• **Assignment**
Report every line of the data where the string "macht" appears.

• **Data for processing**

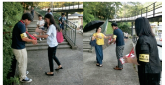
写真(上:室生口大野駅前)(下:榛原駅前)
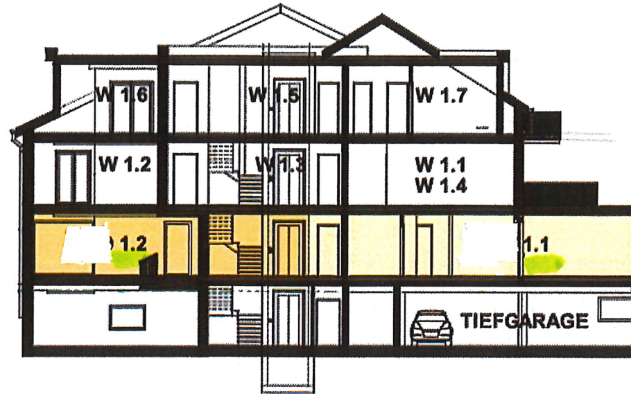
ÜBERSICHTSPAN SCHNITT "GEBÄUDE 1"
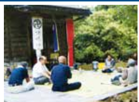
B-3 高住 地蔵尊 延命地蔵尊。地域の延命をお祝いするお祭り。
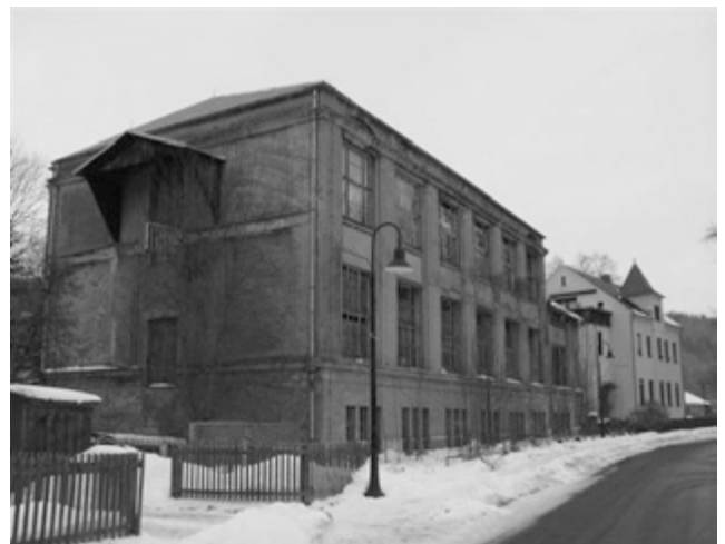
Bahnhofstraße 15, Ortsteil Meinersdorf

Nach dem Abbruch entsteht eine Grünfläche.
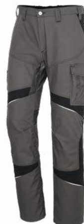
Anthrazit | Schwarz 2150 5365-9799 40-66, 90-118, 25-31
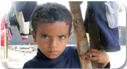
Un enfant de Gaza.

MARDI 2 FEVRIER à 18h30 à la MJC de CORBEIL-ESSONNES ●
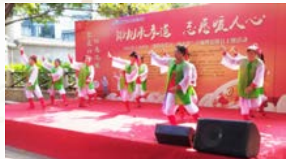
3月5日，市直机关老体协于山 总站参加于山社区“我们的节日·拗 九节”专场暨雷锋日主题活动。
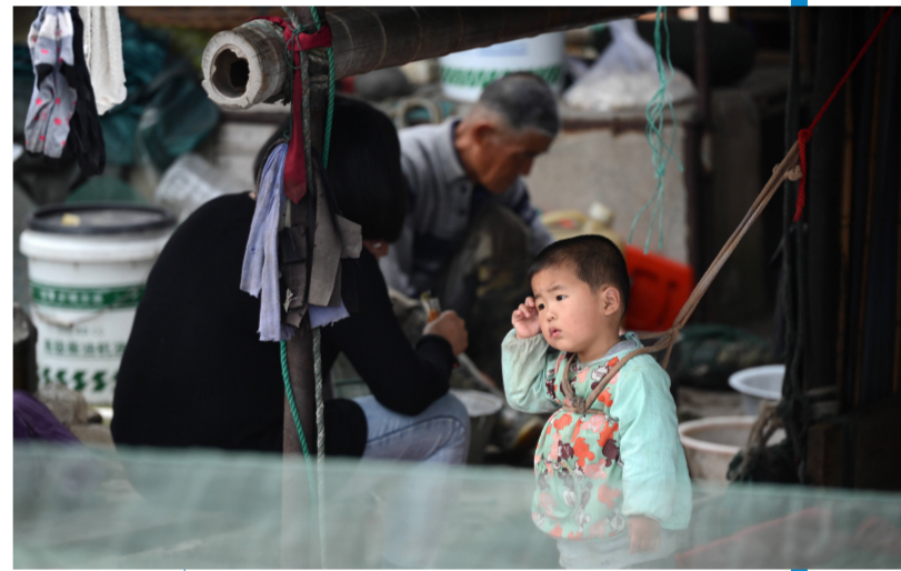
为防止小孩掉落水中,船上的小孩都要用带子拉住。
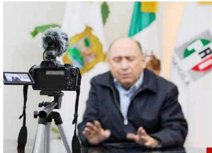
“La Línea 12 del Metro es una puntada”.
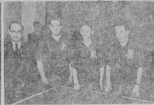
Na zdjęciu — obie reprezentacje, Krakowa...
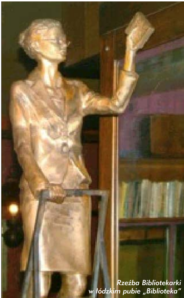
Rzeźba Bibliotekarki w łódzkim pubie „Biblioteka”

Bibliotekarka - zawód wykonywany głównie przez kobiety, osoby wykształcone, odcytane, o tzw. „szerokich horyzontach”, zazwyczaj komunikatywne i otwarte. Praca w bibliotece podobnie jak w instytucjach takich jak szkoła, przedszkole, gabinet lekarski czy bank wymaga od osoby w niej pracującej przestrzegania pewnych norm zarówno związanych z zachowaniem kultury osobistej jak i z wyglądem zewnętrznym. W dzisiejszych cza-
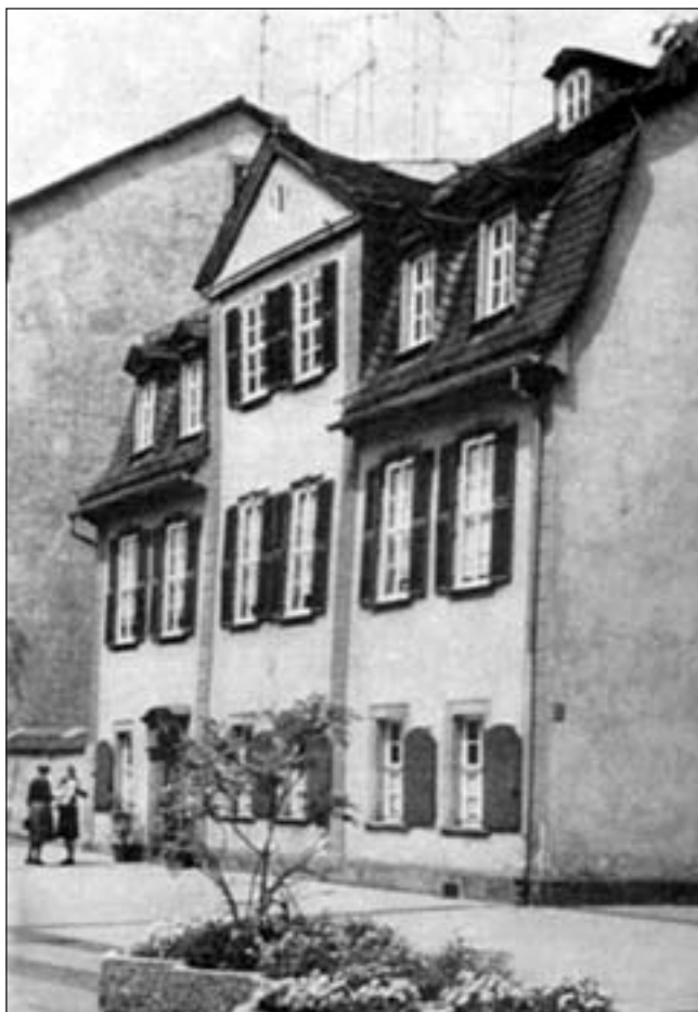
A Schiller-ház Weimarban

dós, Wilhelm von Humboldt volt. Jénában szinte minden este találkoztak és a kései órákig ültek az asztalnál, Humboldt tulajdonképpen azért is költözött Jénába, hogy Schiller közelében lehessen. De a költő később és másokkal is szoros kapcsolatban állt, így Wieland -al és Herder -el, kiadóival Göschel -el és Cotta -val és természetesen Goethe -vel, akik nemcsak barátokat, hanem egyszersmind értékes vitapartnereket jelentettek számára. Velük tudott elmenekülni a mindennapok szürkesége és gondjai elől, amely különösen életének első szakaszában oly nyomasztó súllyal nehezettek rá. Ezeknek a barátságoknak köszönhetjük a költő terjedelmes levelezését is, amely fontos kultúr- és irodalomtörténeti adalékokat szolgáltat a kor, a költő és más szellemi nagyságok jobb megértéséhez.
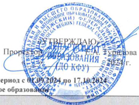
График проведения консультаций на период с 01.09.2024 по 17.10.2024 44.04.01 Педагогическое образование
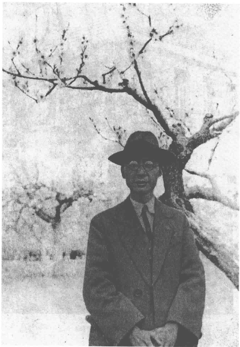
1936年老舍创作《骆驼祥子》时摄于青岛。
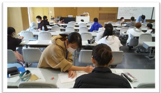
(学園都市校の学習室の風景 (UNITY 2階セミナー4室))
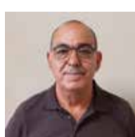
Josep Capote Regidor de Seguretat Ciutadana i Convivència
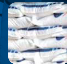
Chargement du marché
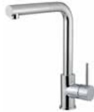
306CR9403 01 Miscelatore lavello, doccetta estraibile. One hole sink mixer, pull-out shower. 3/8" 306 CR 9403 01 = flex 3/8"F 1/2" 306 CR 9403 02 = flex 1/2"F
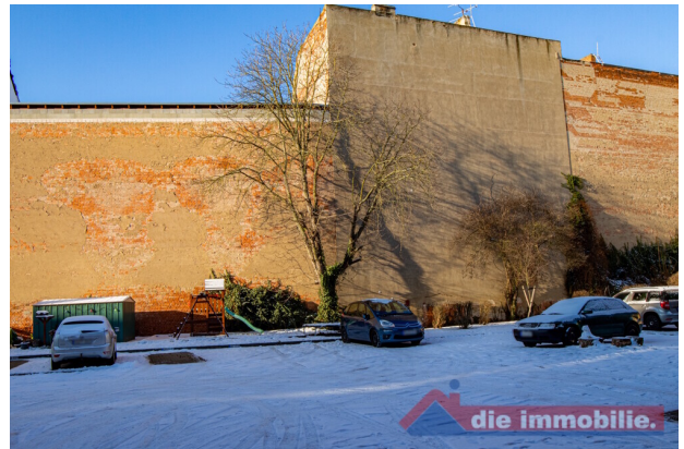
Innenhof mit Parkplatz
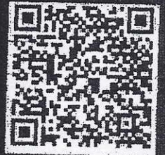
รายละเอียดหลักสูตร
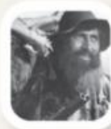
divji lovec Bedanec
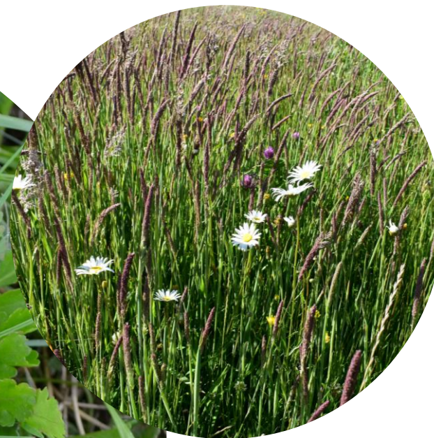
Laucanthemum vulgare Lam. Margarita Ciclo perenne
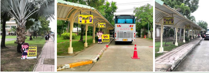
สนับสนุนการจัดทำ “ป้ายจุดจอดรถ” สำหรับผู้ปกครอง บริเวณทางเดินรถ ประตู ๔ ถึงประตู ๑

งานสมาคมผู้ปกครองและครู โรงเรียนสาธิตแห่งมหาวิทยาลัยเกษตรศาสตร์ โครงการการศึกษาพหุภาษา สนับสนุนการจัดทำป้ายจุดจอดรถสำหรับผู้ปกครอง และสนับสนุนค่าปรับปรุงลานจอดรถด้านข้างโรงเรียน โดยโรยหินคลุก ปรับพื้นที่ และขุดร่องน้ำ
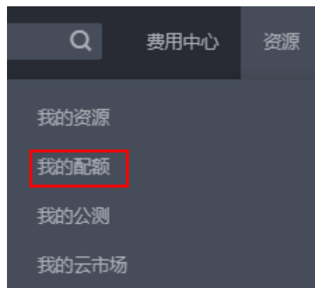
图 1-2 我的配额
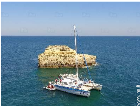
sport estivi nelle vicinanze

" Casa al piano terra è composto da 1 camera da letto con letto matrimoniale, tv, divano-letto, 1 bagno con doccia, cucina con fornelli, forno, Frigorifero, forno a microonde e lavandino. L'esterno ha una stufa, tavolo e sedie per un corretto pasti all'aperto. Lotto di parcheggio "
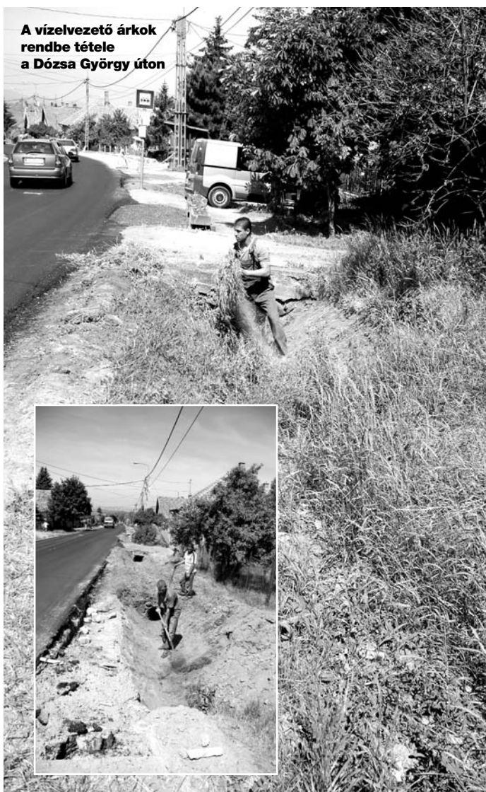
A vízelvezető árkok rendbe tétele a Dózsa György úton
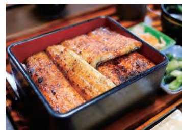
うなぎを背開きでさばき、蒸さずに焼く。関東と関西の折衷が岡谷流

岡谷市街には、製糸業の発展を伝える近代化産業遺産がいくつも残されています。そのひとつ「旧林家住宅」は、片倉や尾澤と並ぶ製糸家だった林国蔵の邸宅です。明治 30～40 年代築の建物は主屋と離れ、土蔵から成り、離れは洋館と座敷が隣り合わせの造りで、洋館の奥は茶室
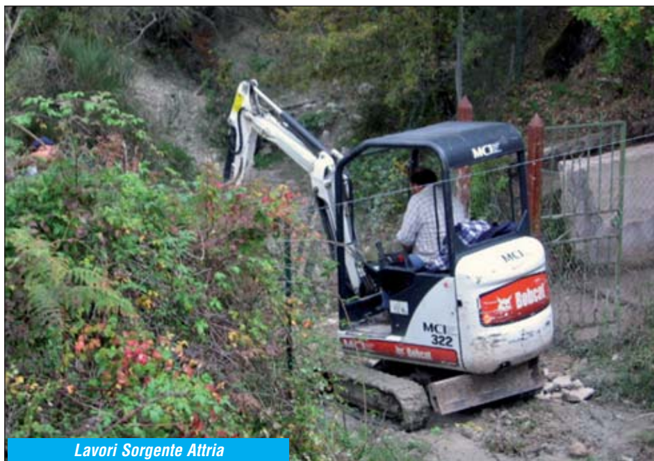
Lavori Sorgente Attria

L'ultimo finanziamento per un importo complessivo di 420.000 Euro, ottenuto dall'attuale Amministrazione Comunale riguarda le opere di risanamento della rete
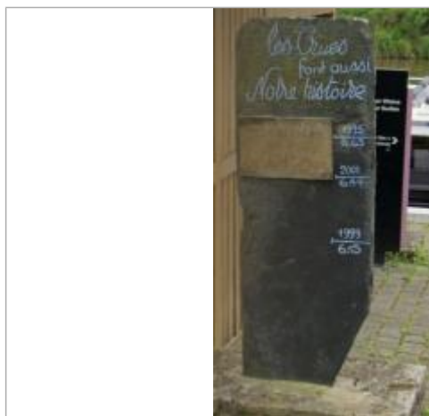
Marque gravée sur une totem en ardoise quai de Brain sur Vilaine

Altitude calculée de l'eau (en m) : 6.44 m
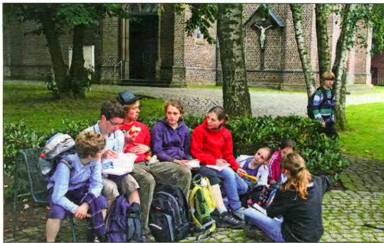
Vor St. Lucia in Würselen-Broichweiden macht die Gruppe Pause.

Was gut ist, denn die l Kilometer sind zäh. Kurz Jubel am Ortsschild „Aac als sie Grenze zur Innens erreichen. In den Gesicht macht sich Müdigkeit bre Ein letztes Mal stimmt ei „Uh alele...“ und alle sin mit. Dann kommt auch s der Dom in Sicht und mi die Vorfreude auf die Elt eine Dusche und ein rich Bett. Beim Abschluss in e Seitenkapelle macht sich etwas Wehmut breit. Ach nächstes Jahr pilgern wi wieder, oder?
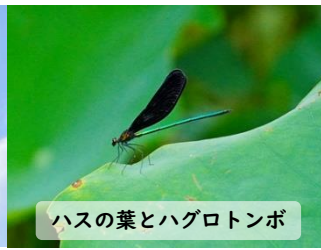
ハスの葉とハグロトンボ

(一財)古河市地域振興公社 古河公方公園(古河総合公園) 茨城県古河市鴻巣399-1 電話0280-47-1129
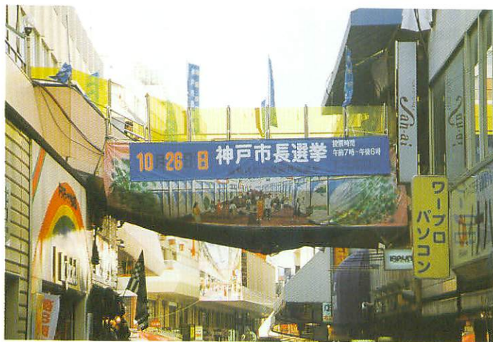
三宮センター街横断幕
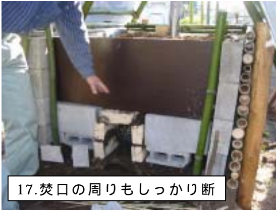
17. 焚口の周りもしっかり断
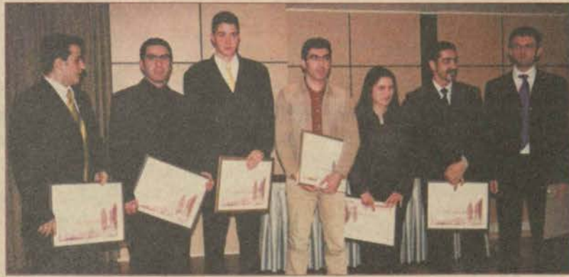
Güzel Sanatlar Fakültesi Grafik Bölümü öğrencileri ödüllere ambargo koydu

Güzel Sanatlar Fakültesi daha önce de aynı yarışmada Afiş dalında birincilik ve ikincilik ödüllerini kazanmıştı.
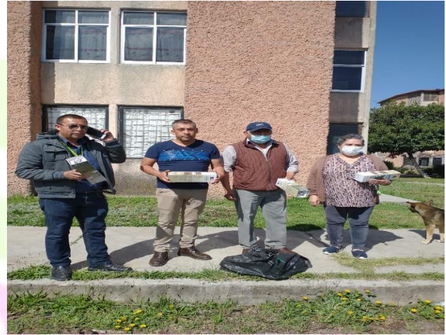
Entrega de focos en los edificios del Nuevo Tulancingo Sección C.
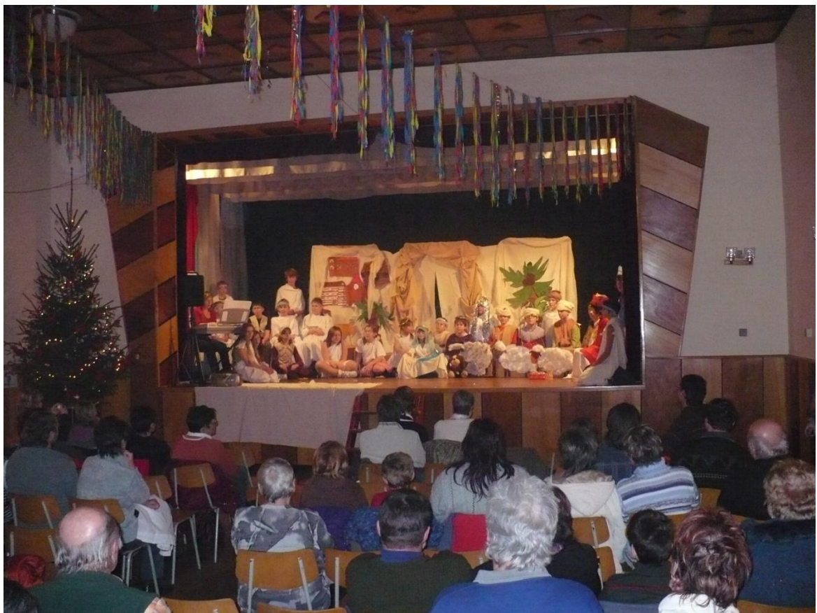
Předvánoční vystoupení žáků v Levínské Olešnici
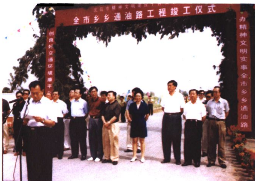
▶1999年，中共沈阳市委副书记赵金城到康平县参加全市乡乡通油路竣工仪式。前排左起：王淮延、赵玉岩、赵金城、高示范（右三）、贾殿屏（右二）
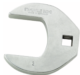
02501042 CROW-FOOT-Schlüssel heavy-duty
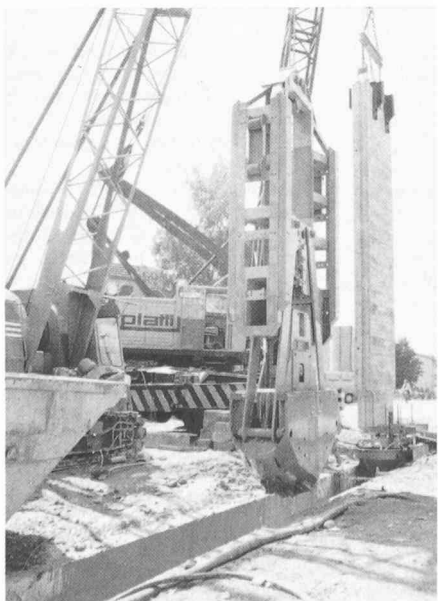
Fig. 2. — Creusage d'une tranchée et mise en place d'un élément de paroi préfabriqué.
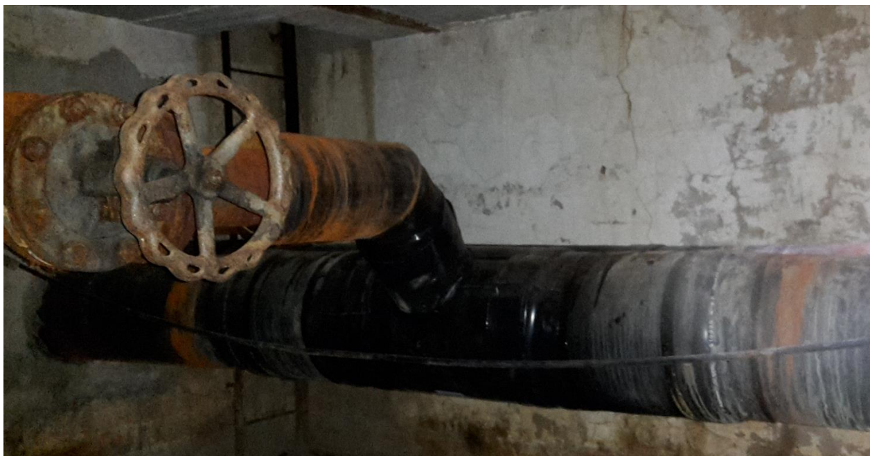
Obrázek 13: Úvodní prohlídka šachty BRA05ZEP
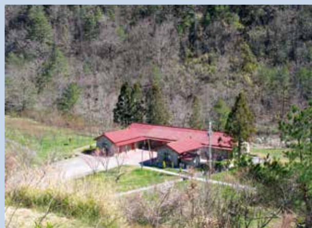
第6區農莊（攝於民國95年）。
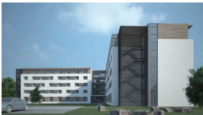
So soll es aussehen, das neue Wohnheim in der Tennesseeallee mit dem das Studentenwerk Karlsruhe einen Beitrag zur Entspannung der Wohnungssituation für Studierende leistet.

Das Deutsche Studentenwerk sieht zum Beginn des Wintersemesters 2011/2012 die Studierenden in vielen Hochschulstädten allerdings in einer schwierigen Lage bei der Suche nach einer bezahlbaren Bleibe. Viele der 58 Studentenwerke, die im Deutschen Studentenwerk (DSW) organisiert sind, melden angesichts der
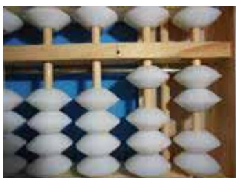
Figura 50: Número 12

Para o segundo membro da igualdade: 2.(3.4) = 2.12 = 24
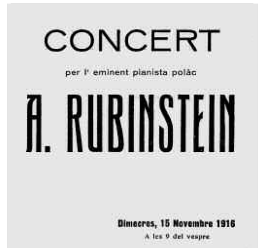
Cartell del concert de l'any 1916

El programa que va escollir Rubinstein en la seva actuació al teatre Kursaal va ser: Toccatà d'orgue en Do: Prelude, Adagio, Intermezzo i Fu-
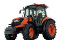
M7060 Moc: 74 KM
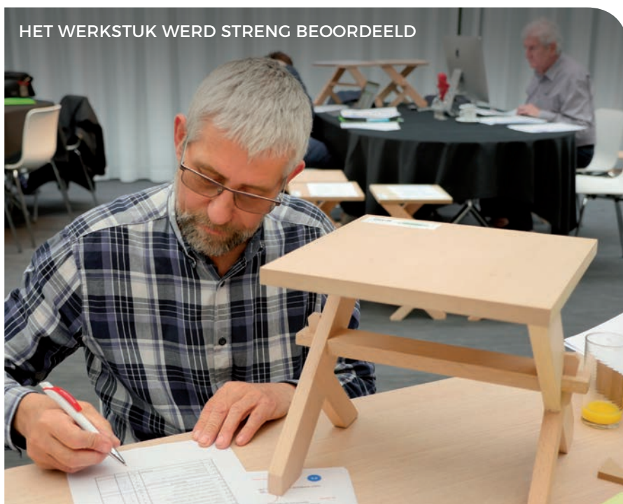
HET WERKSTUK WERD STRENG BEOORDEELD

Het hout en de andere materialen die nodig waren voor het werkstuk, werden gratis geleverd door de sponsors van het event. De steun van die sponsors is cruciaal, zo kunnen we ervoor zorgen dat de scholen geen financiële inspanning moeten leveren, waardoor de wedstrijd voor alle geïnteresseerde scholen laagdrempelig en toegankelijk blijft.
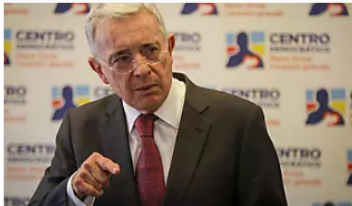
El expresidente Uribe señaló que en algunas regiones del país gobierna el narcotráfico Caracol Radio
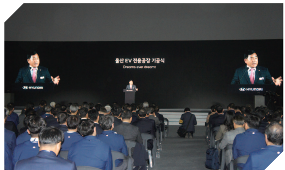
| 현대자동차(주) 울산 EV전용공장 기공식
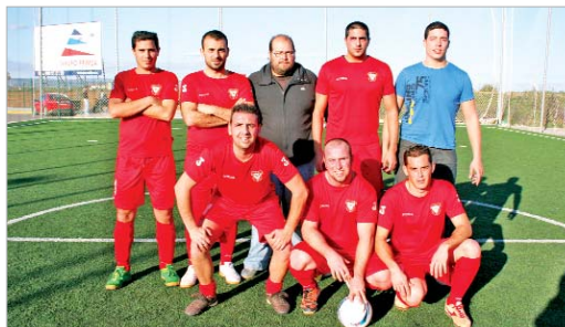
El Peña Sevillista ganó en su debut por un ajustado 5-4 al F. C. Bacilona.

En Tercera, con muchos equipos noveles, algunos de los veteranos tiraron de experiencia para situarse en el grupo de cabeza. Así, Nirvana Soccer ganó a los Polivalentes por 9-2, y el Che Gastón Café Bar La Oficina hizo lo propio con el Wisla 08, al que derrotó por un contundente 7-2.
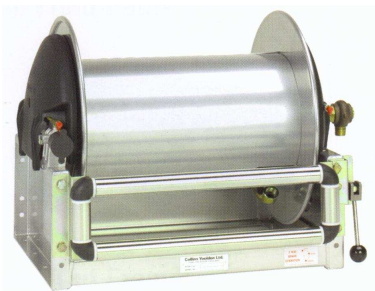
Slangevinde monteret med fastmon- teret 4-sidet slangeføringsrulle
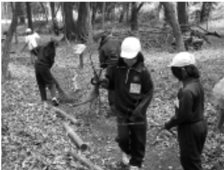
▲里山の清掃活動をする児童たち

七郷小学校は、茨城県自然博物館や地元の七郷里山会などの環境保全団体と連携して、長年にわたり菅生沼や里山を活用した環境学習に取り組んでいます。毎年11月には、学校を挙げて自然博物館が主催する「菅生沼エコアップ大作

• **Answer**
Vor St. Lucia in Würselen-Broichweiden macht die Gruppe Pause.
Was gut ist, denn die l Kilometer sind zäh. Kurz Jubel am Ortsschild „Aac als sie Grenze zur Innens erreichen. In den Gesicht macht sich Müdigkeit bre Ein letztes Mal stimmt ei „Uh alele...“ und alle sin mit. Dann kommt auch s der Dom in Sicht und mi die Vorfreude auf die Elt eine Dusche und ein rich Bett. Beim Abschluss in e Seitenkapelle macht sich etwas Wehmut breit. Ach nächstes Jahr pilgern wi wieder, oder?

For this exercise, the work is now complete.